Drug-resistant superbugs multiplying: CDC report IDs ‘urgent threats’

An illustration of carbapenem-resistant Enterobacteriaceae, a group of drug-resistant bacteria the CDC has called an "urgent concern."
An illustration of carbapenem-resistant Enterobacteriaceae, a group of drug-resistant bacteria the CDC has called an “urgent concern.”
(Centers for Disease Control and Prevention)

Thoughtless use of antibiotic medications continues to promote the growth of drug-resistant superbugs in the U.S., threatening doctors’ ability to combat infections, according to a new report from the U.S. Centers for Disease Control and Prevention.

The 114-page publication, which was written for the general public, offered the first comprehensive picture of drug resistance in the U.S., said CDC’s director, Dr. Thomas Frieden. He said he hoped the information would encourage doctors, patients and public health officials to take action to protect what he called a “precious national resource.”

“We talk about a pre-antibiotic era and an antibiotic era,” he said Monday. “If we’re not careful, we’ll be in a post-antibiotic era. For some patients and some microbes, we’re already there.”

Bacteria can evolve rapidly to develop resistance to antimicrobial drugs. When microbes that are susceptible to drugs die off during treatment, it can create opportunities for bacteria that aren’t sensitive to the drugs to thrive. Those bacteria can then spread, and sometimes go on to share their drug-resistant genes with other bugs, which then can also spread. (The CDC report provided an antibiotic-resistance infographic illustrating how this works.)


The chain of events is probably inevitable, but scientists hope that restricting antibiotic use more tightly -- avoiding using the drugs when they really aren’t needed -- will remove opportunities for resistance to arise, slowing the process and preserving drugs’ usefulness for patients with life-threatening or difficult-to-treat infections.

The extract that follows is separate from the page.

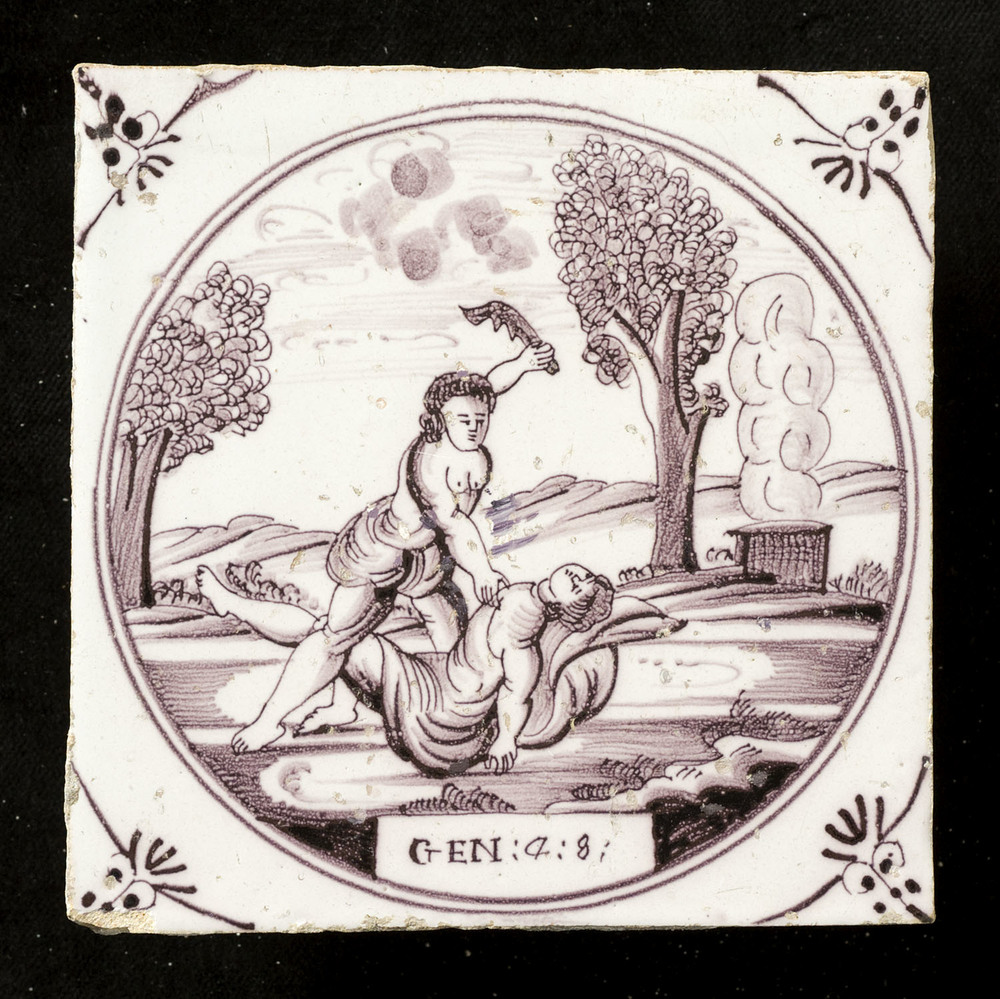 Tegel in tinglazuur, voorstellende gen. 4:8 Kain sla...

It’s hard to quantify the health-related and economic effects of drug resistance, the CDC said. But the new report suggested that more than 2 million people get antibiotic-resistant infections every year, and that 23,000 die from their illnesses. The report also cited an estimate from researchers at Tufts University that drug-resistant infections could create $20 billion in excess direct costs, and $35 billion in lost productivity, every year.

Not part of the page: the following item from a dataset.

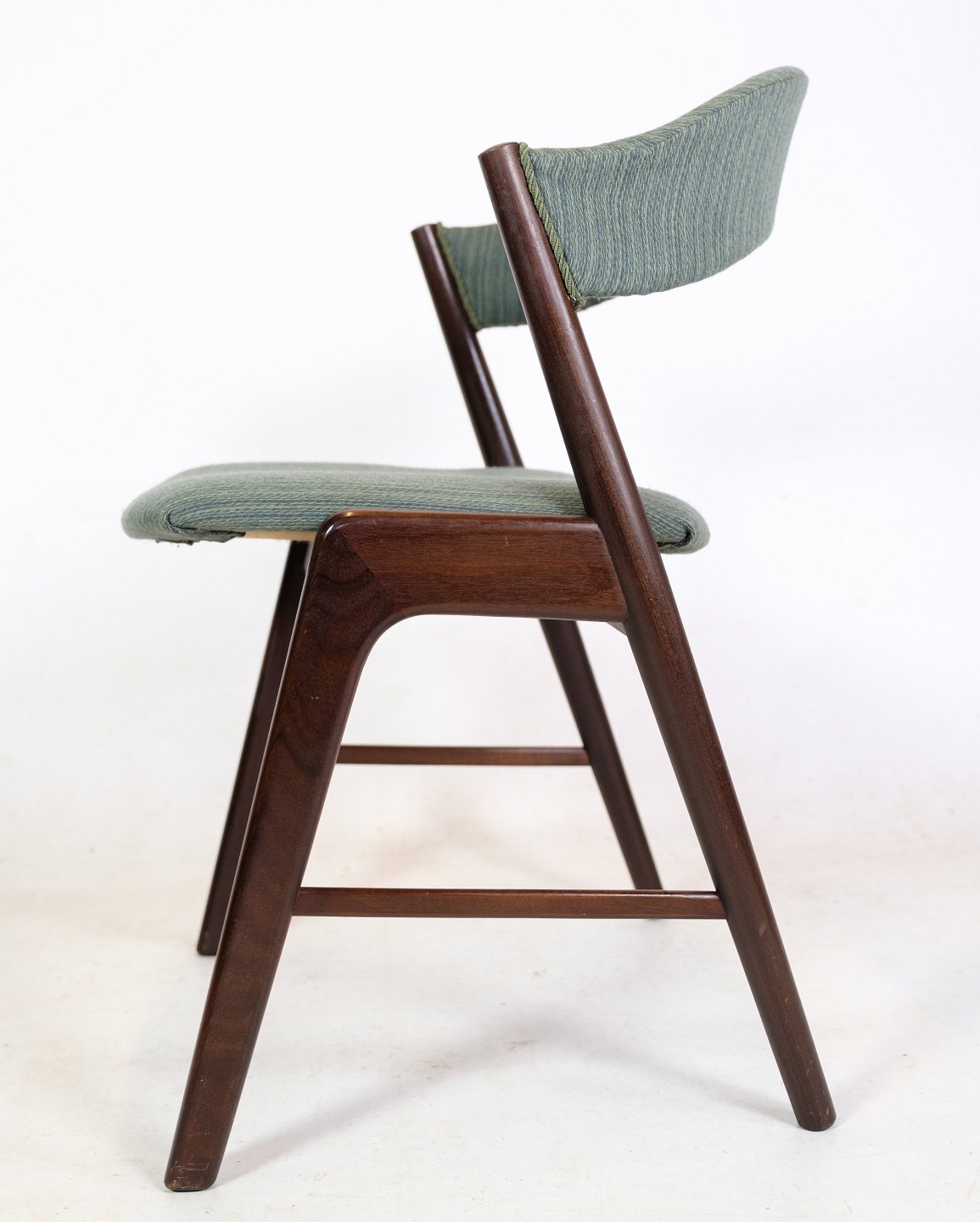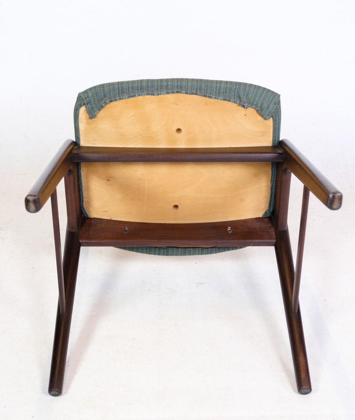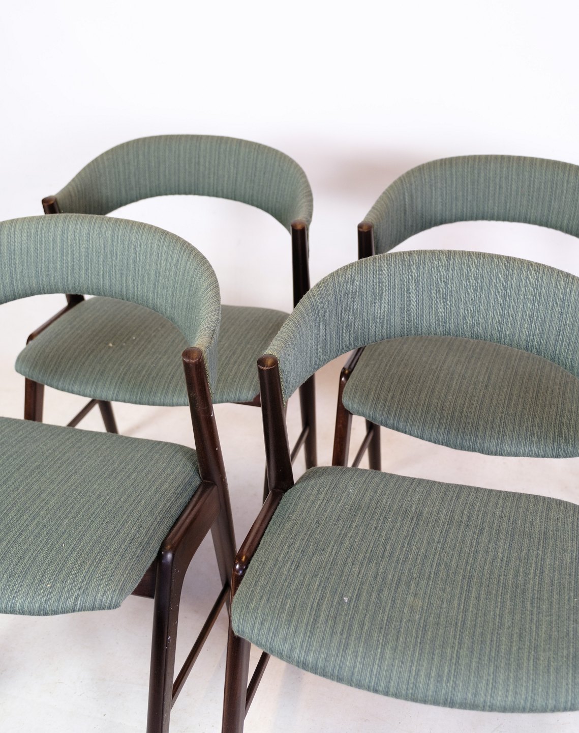 Sæt af 4 armstole i teaktræ, af dansk design fra omkring 1960'erne. Stolene står med flot blåt stof i meget fin stand.

The agency identified three microbes as “urgent threats”: carbapenem-resistant Enterobacteriaceae (bacteria including some hard-or-impossible-to-treat strains of E. coli and Klebsiella, which can be deadly once they infect the bloodsteam), drug-resistant Neisseria gonorrhoeae (which causes gonorrhea) and Clostridium difficile (a bug that causes severe diarrhea, resulting in an estimated 250,000 hospitalizations and 14,000 deaths in the U.S. each year.)

C. difficile itself is not drug-resistant, but scientists attribute its spread to antibiotic use, which can wipe out beneficial bacteria in the gut, opening an opportunity for C. difficile to infect a patient.

Twelve other microbes were identified as “serious threats,” including two types of drug-resistant Salmonella, drug-resistant tuberculosis, MRSA and drug-resistant Candida (a fungus, not a bacterium.) Three more were called “concerning threats.”

The CDC report laid out four core actions for curbing drug resistance: preventing infections in the first place through immunizations, hand-washing and other precautions; tracking resistant bacteria more carefully once they emerge; using antibiotics more judiciously when needed; and promoting development of new drugs to treat -- and tests to detect -- infections.

Dr. Daniel Uslan, director of the UCLA Antimicrobial Stewardship Program, called the publication a “call to action.”

“This is for healthcare workers, it’s for pharmaceutical companies, it’s for policymakers, and it’s for patients,” he said.

Uslan oversees UCLA’s efforts to make sure its patients get the right dose of the right antibiotic for the right duration. Though California law requires that acute-care hospitals monitor antibiotic use, systems can be hard to put in place, especially in smaller hospitals with few resources, he said.


He added that he thought the largest volume of inappropriate prescriptions were handed out in outpatient settings, where many patients ask for antibiotics to treat sore throats, ear infections and other frequent woes that are often caused by viruses, not bacteria.

The CDC report also highlighted the role of antibiotic use in livestock, which often get the drugs to promote growth. In an article posted by the Natural Resources Defense Council, staff attorney Mae Wu detailed that problem, writing that almost 80% of the antibiotics sold in the U.S. are used in animals, and criticizing the Food and Drug Administration’s efforts to curb inappropriate antibiotic use in livestock thus far.